___ WORKING DATA ___

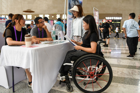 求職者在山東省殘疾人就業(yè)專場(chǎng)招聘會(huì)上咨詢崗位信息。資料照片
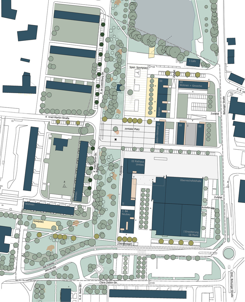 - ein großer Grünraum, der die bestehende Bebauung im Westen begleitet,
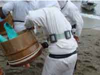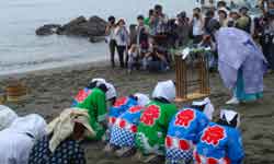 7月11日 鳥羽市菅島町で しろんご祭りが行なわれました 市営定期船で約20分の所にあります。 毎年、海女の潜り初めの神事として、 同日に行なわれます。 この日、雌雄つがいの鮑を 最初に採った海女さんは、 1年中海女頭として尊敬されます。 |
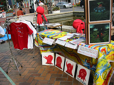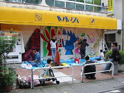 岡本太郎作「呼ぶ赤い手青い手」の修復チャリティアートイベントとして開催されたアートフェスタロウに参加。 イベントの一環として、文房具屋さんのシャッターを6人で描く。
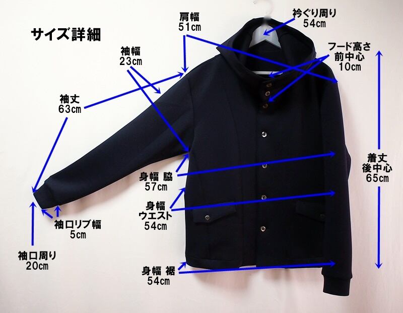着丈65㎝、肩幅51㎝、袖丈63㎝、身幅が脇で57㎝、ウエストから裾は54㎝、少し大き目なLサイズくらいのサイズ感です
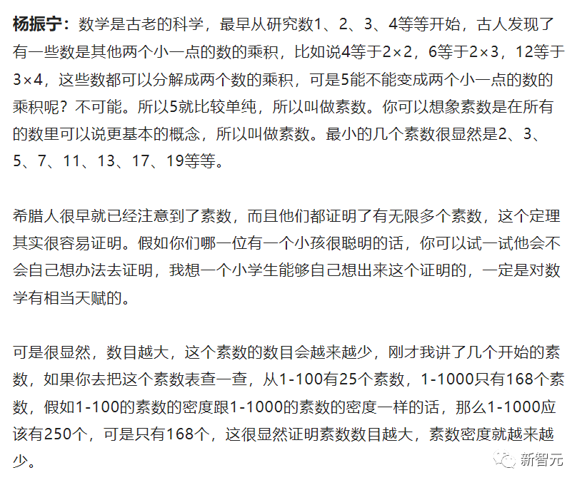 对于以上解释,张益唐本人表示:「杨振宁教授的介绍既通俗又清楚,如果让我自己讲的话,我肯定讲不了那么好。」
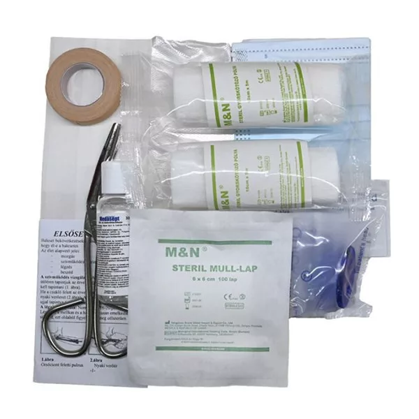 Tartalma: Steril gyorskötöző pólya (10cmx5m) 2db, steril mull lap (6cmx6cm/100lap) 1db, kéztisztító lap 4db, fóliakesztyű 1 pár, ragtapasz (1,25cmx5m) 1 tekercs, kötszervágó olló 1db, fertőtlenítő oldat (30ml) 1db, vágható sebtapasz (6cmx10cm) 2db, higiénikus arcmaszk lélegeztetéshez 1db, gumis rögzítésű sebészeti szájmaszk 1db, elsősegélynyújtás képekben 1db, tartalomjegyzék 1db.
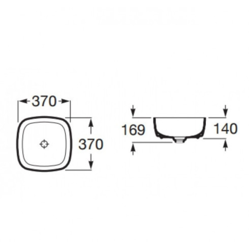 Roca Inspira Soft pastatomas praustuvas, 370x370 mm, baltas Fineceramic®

___

Starting at the line above that holds "岡本太郎作「呼ぶ赤い手青い手", return each line up to and including the one that holds "对于以上解释,张益唐本人表示", exactly as written, minus any pictures.

ANSWER SECTION:
 岡本太郎作「呼ぶ赤い手青い手」の修復チャリティアートイベントとして開催されたアートフェスタロウに参加。 イベントの一環として、文房具屋さんのシャッターを6人で描く。
着丈65㎝、肩幅51㎝、袖丈63㎝、身幅が脇で57㎝、ウエストから裾は54㎝、少し大き目なLサイズくらいのサイズ感です
 对于以上解释,张益唐本人表示:「杨振宁教授的介绍既通俗又清楚,如果让我自己讲的话,我肯定讲不了那么好。」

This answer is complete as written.